>>>>>

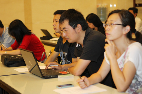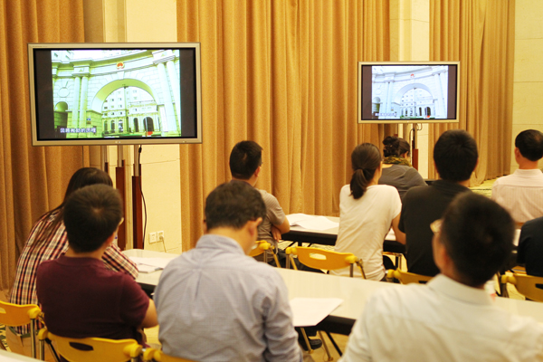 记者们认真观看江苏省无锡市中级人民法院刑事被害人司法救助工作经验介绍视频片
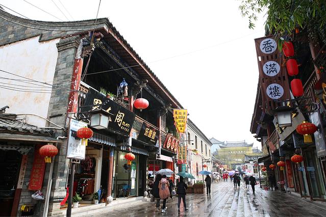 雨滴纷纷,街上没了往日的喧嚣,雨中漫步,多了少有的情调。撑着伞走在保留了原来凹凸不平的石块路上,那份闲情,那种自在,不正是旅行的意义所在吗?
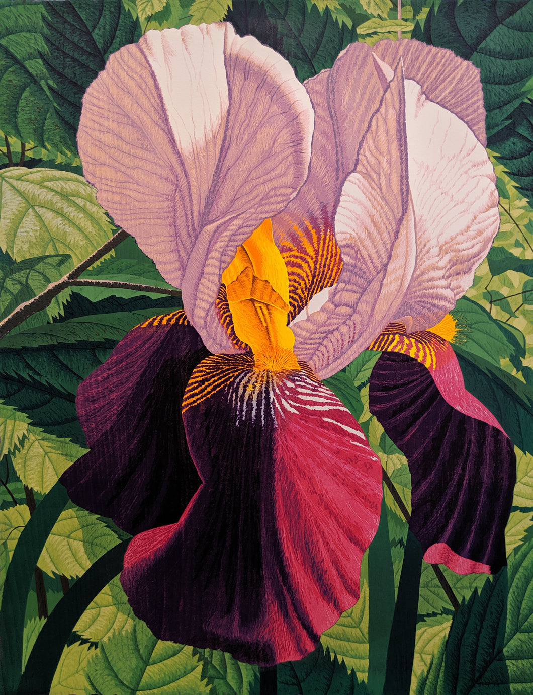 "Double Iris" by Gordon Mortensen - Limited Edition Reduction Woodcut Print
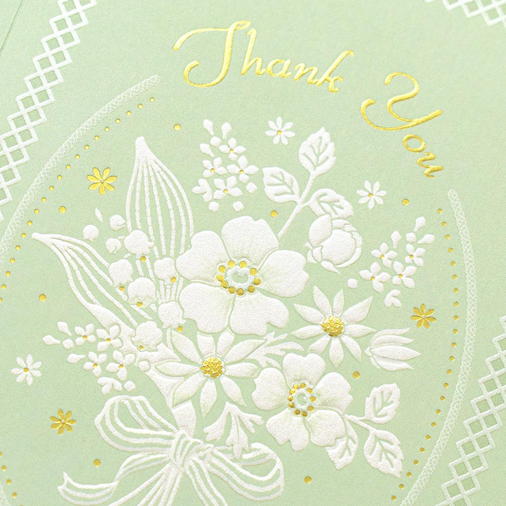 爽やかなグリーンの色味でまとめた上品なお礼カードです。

<<<<<
>>>>>

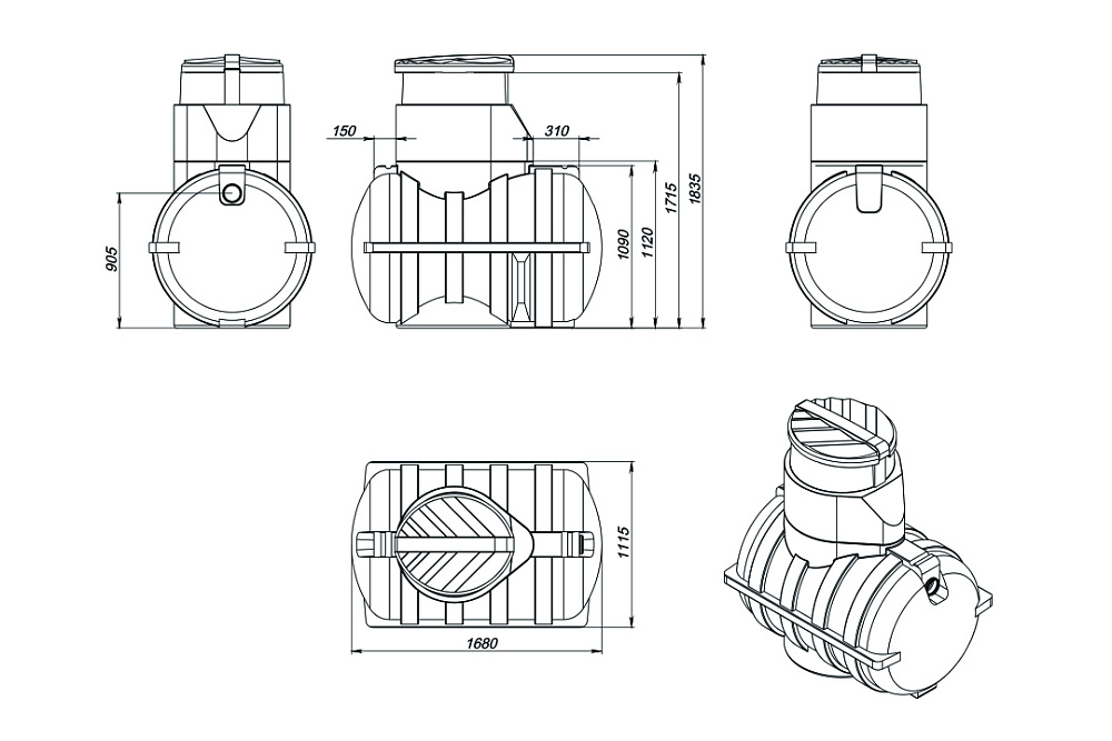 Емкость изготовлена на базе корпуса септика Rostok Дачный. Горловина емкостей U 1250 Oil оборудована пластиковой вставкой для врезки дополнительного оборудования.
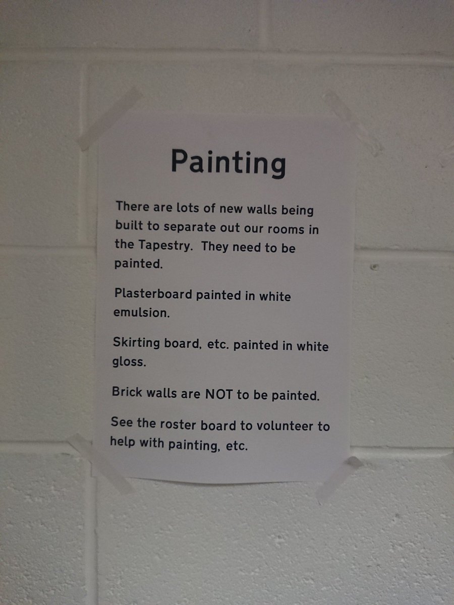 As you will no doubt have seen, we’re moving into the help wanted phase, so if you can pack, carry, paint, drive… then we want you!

<<<<<

> What to do: Working from the records above, set down word for word everything from the line containing "雨滴纷纷,街上没了往日的喧嚣" down to the line containing "爽やかなグリーンの色味でまとめた上品なお礼カードです。", ends included, minus the pictures.

> Result of the exercise:
 雨滴纷纷,街上没了往日的喧嚣,雨中漫步,多了少有的情调。撑着伞走在保留了原来凹凸不平的石块路上,那份闲情,那种自在,不正是旅行的意义所在吗?
 "Double Iris" by Gordon Mortensen - Limited Edition Reduction Woodcut Print
 爽やかなグリーンの色味でまとめた上品なお礼カードです。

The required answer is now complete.